Most likely.  But remember, fabs run at full capacity all the time (I
would assume, given the investment to build one).  The likelihood of
them having a gap due to something other than equipment failure or
some other problem is low.  If they were to insert our chip into their
production line, they would cost themselves the profit from something
else they're making.  They have to be able to really solve a big need
with this.

>         Another thing to think about is who are the possible customers for
> OGP chips, besides boards built by Traversal and sold directly to end users.
> Manufacturers of commodity motherboards, maybe?  It ought to reduce their
> costs and give them a stable ABI for default on-board video.  That would
> require a driver for MS-Windows, though.
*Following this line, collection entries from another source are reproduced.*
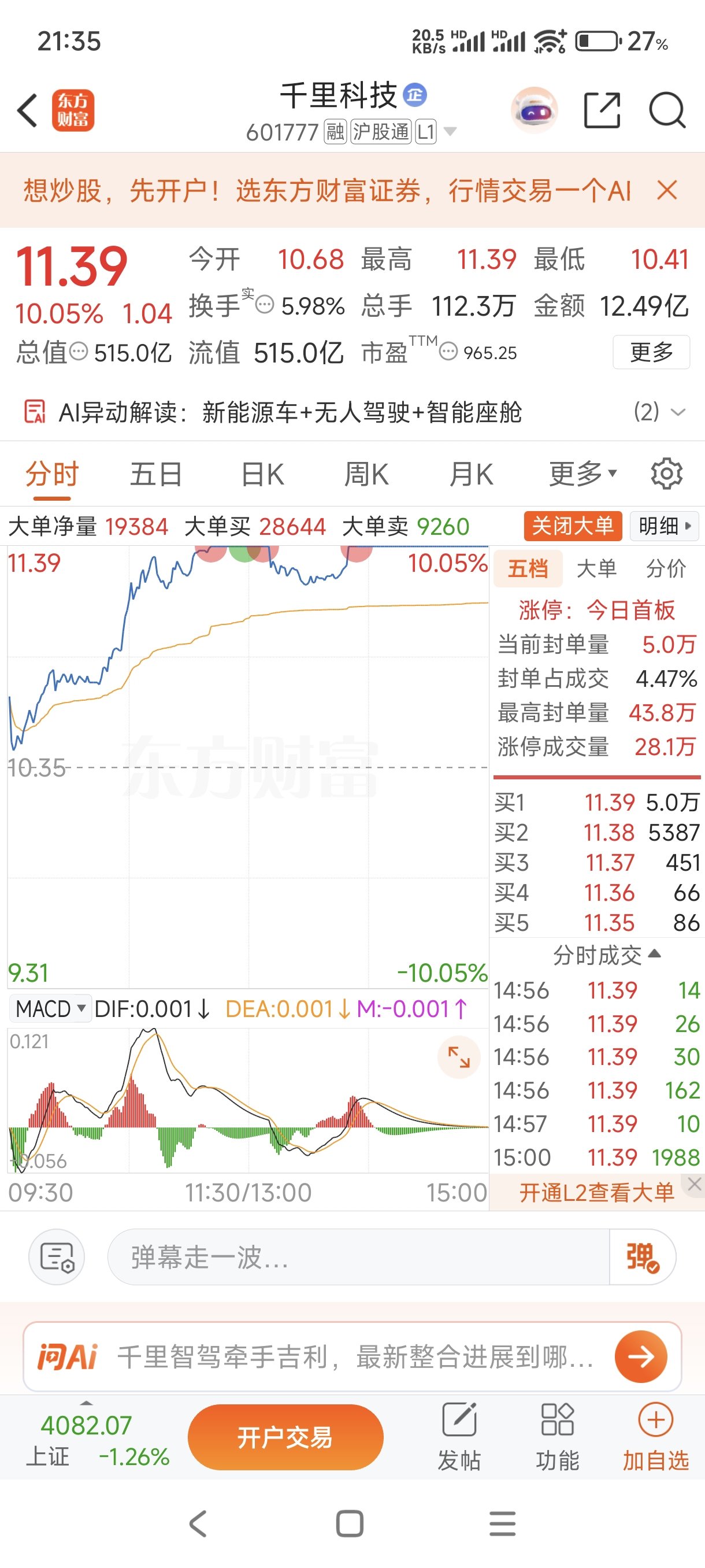 $千方科技(SZ002373)$ 看看人家千里科技,差一个字差那么多……
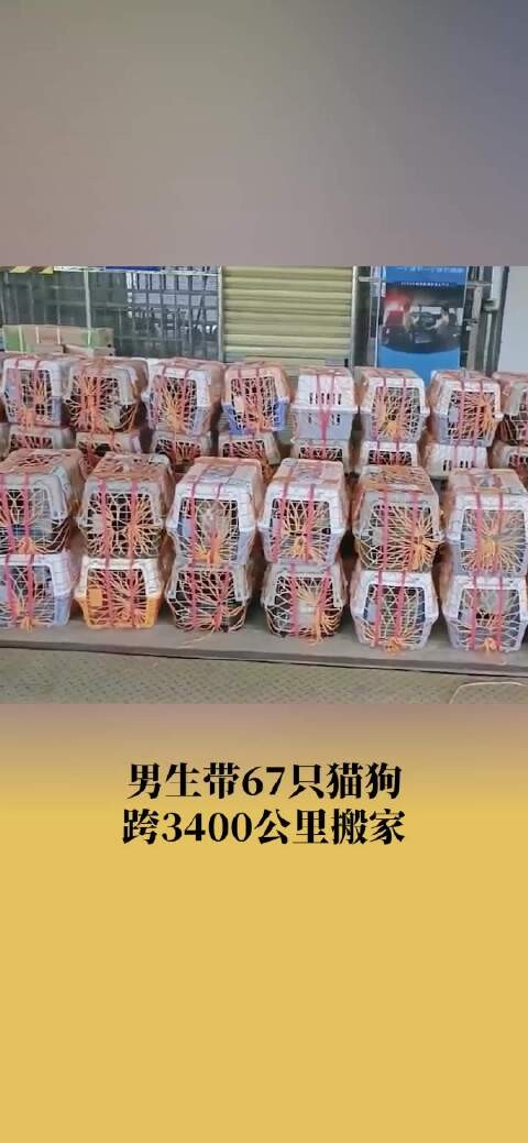 【 #男生带67只猫狗跨3400公里搬家 :一只都没有放弃】近日,辽宁丹东一男生带67只猫狗跨越3400公里搬家,引发热议。当事人廉先生介绍,花费近4万元,一共带了64只猫,3只狗。当时从海南海口回辽宁丹东,飞机先到了沈阳,后来又找了车回丹东。自己之前是开宠物店的,这些宠物一部分是自养的,一部分是被客户弃养的,还有自己收养的流浪动物。这次要回老家发展,不想让它们被二次遗弃,所以都带回来了,一只都没放弃。同时呼吁大家想清楚后再养宠物,既然养了就别遗弃,毕竟也是一条生命。(九派新闻、白鹿视频) :sys_link: https://3g.k.sohu.com/t/n716822173 :sys_video: 白鹿视频的微博视频 https://video.weibo.com/show?fid=1034:4932512045269037
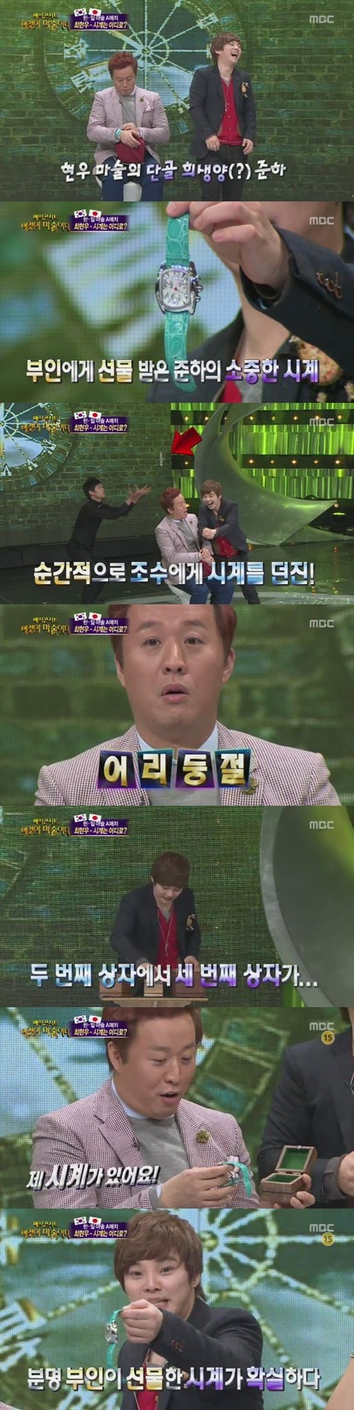 최현우가 MC 정준하의 시계를 사용해 타임머신 마술을 선보였다. 정준하는 차고 있던 시계를 풀며 "이렇게 가져간 시계가 한 두 개가 아니다"라고 폭로하며 최현우를 당황케 했다.

Well, not Intel, but perhaps AMD.  And of course, PowerPC.  The card
will work in a Sun.  Maybe Sun users would buy it.  I've written more
than my fair share of OpenWindows drivers, and Andy knows Solaris
kernel drivers.

>         Tim, I just had another thought.  Tooling up that first batch of
> chips is the big financial barrier.  The cost of a mask set and a batch of
> chips is heavily influenced by the choice of CMOS process, right?  Could an
> older, less dense process possibly produce a large enough gate count to
> build a useful, less feature-rich OGP chip that would fit a subset of the
> application universe?  (I suspect not, but it would be dumb not to ask the
> question.  There are foundries that specialize in that sort of thing.)

We've decided on standard cell.  There's gate array, standard cell,
and full-custom, in increasing order of NRE expense and decreasing
order of piece cost.  For the volume we want to produce (100k),
standard cell came out to be the best price.  It also performs well,
although not as well as full custom.

A number of different options were considered for this.